▶ [Work order] Among the lines below, take the one holding "Високоефективна въздушна помпа", the one holding "Projekttreffen Beating the", and all lines between them. Set them down exactly.

▶ [Records]
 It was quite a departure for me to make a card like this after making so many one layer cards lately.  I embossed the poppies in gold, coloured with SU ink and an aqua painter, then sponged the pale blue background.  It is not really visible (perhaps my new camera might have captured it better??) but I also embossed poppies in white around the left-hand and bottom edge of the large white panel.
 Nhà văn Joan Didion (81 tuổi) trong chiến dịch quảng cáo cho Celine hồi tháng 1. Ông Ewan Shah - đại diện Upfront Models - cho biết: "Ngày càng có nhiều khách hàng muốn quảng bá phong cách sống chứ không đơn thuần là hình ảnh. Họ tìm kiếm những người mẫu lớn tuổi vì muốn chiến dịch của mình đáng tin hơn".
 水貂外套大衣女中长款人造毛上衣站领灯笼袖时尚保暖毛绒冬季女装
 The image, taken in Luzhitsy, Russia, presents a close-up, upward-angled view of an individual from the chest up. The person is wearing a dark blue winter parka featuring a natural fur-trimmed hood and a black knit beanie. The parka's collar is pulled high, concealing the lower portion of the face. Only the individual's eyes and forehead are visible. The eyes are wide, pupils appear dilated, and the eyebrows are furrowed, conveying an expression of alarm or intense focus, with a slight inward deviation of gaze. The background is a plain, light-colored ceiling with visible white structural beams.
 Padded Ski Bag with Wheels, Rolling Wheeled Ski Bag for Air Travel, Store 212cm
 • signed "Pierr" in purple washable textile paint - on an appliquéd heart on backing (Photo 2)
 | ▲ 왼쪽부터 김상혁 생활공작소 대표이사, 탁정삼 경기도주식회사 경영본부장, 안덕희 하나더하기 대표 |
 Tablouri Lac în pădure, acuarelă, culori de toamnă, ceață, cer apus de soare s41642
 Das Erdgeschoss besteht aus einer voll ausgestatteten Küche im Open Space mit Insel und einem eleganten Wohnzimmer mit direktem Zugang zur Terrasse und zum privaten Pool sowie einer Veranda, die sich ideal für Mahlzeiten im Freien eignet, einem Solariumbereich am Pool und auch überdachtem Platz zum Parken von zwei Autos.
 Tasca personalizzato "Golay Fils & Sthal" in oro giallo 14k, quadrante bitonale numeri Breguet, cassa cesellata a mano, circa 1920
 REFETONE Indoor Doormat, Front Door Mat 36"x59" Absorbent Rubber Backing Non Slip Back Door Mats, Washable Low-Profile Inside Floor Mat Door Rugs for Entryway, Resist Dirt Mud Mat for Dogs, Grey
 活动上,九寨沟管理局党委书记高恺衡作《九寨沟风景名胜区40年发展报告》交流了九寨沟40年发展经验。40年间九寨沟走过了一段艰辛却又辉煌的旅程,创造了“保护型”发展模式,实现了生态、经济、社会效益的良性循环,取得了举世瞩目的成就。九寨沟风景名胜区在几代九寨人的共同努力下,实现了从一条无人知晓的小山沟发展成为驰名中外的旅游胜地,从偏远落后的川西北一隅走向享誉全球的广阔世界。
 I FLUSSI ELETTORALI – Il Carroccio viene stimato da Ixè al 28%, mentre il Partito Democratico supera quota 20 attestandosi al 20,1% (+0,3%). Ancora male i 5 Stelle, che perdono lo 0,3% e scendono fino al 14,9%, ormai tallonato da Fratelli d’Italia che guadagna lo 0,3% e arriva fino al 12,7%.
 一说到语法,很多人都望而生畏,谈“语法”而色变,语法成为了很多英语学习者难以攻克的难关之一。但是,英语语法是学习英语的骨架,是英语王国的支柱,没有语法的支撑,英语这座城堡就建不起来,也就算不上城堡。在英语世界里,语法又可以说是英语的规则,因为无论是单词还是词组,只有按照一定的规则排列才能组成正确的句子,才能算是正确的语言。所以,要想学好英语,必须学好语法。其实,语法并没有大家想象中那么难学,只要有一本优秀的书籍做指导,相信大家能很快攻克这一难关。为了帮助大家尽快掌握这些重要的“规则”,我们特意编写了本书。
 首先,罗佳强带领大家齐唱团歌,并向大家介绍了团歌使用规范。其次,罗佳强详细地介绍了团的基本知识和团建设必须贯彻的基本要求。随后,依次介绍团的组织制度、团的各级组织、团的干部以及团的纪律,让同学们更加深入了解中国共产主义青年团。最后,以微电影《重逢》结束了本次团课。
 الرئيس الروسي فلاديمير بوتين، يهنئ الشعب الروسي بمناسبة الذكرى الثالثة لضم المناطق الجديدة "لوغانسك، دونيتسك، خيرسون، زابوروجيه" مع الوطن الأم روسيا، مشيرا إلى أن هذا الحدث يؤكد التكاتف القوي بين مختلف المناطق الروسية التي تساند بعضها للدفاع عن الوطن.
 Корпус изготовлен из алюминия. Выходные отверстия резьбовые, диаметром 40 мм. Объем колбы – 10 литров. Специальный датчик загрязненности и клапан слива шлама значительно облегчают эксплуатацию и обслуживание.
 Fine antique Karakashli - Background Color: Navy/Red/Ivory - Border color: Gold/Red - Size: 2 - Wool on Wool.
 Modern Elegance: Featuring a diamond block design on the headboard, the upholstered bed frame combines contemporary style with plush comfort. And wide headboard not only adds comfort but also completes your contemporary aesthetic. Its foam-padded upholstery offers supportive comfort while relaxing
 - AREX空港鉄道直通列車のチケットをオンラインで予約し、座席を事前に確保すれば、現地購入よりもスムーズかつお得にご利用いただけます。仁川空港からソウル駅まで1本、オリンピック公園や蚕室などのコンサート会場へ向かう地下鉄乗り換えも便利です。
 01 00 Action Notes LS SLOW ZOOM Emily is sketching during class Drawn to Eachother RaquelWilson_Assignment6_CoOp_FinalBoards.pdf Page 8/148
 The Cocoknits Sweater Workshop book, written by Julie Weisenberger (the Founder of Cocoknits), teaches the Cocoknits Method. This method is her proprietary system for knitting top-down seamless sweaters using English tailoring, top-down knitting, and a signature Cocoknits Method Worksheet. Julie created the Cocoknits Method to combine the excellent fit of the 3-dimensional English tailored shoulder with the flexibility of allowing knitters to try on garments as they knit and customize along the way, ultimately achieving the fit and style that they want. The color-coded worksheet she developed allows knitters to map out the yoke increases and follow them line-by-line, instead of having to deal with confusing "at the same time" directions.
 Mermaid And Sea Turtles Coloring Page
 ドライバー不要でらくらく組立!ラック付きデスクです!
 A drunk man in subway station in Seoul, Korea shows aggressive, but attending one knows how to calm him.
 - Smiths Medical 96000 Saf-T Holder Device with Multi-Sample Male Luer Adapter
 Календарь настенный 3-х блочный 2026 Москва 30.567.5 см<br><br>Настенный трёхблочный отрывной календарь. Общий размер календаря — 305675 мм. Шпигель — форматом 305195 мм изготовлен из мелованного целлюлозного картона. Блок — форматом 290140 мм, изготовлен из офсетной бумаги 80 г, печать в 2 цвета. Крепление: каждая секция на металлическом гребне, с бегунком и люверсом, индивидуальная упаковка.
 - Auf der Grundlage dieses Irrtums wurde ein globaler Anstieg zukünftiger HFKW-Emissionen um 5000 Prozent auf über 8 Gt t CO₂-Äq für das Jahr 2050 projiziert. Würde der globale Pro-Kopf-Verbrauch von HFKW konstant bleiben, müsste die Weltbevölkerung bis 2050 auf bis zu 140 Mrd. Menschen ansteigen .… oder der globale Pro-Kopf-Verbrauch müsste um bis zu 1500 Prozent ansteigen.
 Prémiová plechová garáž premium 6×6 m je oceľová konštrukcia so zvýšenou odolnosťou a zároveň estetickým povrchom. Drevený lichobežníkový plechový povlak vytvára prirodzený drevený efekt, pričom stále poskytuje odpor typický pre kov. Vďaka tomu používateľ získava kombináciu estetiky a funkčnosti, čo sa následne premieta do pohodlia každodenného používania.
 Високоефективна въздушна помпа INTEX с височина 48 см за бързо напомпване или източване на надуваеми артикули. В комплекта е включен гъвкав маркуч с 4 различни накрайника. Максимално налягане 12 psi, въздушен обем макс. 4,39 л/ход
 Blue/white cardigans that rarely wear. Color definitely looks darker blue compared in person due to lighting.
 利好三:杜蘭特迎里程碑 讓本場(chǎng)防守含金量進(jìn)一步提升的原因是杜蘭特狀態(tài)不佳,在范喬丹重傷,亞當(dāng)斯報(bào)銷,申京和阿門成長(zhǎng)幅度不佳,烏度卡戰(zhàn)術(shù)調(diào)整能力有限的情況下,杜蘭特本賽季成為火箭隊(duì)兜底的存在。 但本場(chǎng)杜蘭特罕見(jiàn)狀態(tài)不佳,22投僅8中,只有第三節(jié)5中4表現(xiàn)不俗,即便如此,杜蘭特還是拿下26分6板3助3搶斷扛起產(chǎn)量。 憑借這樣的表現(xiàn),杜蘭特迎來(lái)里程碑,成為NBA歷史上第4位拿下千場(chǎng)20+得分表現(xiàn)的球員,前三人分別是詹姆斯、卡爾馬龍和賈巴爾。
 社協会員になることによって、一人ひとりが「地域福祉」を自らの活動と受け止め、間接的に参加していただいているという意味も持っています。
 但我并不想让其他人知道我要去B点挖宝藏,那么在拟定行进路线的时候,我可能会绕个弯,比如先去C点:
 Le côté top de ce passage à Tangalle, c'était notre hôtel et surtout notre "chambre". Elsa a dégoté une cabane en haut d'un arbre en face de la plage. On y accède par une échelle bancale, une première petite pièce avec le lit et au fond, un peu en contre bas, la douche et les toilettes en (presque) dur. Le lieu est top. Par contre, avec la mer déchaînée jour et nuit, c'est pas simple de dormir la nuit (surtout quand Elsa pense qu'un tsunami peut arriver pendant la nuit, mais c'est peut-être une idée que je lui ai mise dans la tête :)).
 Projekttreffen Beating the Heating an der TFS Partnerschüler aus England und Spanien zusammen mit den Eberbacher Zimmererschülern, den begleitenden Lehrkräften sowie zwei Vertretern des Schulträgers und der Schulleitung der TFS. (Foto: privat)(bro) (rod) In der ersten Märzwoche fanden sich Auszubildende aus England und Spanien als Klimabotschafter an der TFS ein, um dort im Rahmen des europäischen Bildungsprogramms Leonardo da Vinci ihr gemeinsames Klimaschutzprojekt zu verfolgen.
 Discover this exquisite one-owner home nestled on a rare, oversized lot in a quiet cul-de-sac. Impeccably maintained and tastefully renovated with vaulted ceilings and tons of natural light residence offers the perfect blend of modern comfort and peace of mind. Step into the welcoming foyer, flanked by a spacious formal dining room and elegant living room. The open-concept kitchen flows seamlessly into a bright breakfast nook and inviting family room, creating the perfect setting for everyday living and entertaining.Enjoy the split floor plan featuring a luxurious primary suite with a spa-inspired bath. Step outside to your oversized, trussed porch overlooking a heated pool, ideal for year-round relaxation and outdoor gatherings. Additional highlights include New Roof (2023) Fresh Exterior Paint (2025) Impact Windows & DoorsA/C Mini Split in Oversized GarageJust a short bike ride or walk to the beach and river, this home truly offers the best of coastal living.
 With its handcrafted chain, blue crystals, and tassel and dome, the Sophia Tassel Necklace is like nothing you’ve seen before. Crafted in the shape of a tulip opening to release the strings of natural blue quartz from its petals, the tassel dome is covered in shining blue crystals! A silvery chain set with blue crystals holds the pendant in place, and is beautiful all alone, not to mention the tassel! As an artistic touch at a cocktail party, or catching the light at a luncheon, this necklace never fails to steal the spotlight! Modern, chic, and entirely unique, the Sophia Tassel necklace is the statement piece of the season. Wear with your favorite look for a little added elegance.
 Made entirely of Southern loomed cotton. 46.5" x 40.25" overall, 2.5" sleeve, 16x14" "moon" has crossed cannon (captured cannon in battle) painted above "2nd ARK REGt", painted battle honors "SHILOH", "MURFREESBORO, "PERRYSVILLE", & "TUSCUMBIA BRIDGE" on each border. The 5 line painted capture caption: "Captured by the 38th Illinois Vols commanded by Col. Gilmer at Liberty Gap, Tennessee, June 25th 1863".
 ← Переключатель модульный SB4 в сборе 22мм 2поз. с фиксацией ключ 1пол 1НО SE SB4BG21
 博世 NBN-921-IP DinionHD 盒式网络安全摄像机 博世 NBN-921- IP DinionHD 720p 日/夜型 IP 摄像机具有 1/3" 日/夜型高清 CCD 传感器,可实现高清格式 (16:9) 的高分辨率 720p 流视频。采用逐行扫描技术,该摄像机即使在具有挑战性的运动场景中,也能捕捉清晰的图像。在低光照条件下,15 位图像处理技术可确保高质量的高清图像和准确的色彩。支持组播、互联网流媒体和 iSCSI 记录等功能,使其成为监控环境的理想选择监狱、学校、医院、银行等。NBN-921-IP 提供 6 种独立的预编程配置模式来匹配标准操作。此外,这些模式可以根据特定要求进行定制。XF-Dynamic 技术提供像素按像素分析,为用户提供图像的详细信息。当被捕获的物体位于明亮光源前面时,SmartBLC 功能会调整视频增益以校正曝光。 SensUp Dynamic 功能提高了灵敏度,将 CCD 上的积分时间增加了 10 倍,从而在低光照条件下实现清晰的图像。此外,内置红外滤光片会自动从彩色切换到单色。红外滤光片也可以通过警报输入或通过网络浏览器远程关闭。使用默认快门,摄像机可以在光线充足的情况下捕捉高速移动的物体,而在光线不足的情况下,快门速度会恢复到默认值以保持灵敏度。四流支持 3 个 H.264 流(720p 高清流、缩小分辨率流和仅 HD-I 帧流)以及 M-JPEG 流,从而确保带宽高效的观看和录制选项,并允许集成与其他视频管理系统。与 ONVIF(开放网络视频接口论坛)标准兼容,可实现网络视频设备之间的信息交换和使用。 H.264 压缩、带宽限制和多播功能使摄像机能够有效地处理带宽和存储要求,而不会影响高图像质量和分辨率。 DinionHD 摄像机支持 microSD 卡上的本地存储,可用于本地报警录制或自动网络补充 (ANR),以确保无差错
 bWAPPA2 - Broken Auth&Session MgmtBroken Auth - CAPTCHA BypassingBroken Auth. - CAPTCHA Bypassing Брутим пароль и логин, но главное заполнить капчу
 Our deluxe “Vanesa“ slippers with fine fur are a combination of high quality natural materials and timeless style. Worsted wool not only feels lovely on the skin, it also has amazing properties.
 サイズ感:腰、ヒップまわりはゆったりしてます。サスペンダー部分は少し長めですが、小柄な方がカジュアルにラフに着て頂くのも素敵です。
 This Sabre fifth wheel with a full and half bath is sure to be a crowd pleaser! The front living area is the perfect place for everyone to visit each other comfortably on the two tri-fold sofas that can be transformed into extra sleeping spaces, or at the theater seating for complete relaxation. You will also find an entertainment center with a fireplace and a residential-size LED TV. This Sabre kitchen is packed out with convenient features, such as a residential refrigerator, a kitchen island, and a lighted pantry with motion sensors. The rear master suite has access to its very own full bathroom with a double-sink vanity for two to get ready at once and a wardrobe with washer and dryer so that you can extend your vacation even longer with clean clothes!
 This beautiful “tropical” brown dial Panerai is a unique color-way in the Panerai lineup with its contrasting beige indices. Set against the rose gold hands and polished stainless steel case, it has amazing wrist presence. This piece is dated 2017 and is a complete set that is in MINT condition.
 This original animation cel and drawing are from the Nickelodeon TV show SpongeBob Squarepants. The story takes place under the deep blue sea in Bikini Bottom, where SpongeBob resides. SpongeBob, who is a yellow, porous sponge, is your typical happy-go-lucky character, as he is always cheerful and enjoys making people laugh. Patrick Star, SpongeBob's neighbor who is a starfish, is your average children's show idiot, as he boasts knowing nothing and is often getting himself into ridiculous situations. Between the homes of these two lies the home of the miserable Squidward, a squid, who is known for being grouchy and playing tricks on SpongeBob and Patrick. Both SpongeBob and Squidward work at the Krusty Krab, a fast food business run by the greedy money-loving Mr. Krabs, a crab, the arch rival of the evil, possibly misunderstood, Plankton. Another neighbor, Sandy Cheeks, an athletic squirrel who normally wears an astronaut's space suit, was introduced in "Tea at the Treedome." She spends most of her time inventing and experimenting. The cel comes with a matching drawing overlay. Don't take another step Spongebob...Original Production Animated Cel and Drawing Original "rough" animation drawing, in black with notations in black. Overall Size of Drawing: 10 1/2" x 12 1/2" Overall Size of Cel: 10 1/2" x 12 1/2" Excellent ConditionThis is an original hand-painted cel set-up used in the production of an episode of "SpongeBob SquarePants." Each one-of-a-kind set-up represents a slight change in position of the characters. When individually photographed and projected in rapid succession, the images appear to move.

▶ [Answer for the task]
 Високоефективна въздушна помпа INTEX с височина 48 см за бързо напомпване или източване на надуваеми артикули. В комплекта е включен гъвкав маркуч с 4 различни накрайника. Максимално налягане 12 psi, въздушен обем макс. 4,39 л/ход
 Blue/white cardigans that rarely wear. Color definitely looks darker blue compared in person due to lighting.
 利好三:杜蘭特迎里程碑 讓本場(chǎng)防守含金量進(jìn)一步提升的原因是杜蘭特狀態(tài)不佳,在范喬丹重傷,亞當(dāng)斯報(bào)銷,申京和阿門成長(zhǎng)幅度不佳,烏度卡戰(zhàn)術(shù)調(diào)整能力有限的情況下,杜蘭特本賽季成為火箭隊(duì)兜底的存在。 但本場(chǎng)杜蘭特罕見(jiàn)狀態(tài)不佳,22投僅8中,只有第三節(jié)5中4表現(xiàn)不俗,即便如此,杜蘭特還是拿下26分6板3助3搶斷扛起產(chǎn)量。 憑借這樣的表現(xiàn),杜蘭特迎來(lái)里程碑,成為NBA歷史上第4位拿下千場(chǎng)20+得分表現(xiàn)的球員,前三人分別是詹姆斯、卡爾馬龍和賈巴爾。
 社協会員になることによって、一人ひとりが「地域福祉」を自らの活動と受け止め、間接的に参加していただいているという意味も持っています。
 但我并不想让其他人知道我要去B点挖宝藏,那么在拟定行进路线的时候,我可能会绕个弯,比如先去C点:
 Le côté top de ce passage à Tangalle, c'était notre hôtel et surtout notre "chambre". Elsa a dégoté une cabane en haut d'un arbre en face de la plage. On y accède par une échelle bancale, une première petite pièce avec le lit et au fond, un peu en contre bas, la douche et les toilettes en (presque) dur. Le lieu est top. Par contre, avec la mer déchaînée jour et nuit, c'est pas simple de dormir la nuit (surtout quand Elsa pense qu'un tsunami peut arriver pendant la nuit, mais c'est peut-être une idée que je lui ai mise dans la tête :)).
 Projekttreffen Beating the Heating an der TFS Partnerschüler aus England und Spanien zusammen mit den Eberbacher Zimmererschülern, den begleitenden Lehrkräften sowie zwei Vertretern des Schulträgers und der Schulleitung der TFS. (Foto: privat)(bro) (rod) In der ersten Märzwoche fanden sich Auszubildende aus England und Spanien als Klimabotschafter an der TFS ein, um dort im Rahmen des europäischen Bildungsprogramms Leonardo da Vinci ihr gemeinsames Klimaschutzprojekt zu verfolgen.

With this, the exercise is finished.